During transfer from oral therapy to Buparid, a generally lower systemic corticosteroid action will be experienced, which may result in the appearance of allergic or arthritic symptoms such as rhinitis, eczema and muscle and joint pain. Specific treatment should be initiated for these conditions. A general insufficient glucocorticosteroid effect should be suspected if, in rare cases, symptoms such as tiredness, headache, nausea and vomiting should occur. In these cases a temporary increase in the dose of oral glucocorticosteroids is sometimes necessary.

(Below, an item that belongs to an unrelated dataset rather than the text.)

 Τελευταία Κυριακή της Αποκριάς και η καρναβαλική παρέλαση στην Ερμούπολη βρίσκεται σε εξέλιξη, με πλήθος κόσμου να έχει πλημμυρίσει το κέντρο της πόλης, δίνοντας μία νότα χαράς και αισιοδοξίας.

Patients, who have required high dose emergency corticosteroid therapy or prolonged treatment at the highest recommended dose of inhaled corticosteroids, may also be at risk of impaired adrenal function. These patients may exhibit signs and symptoms of adrenal insufficiency when exposed to severe stress. Additional systemic corticosteroid treatment should be considered during periods of stress or elective surgery.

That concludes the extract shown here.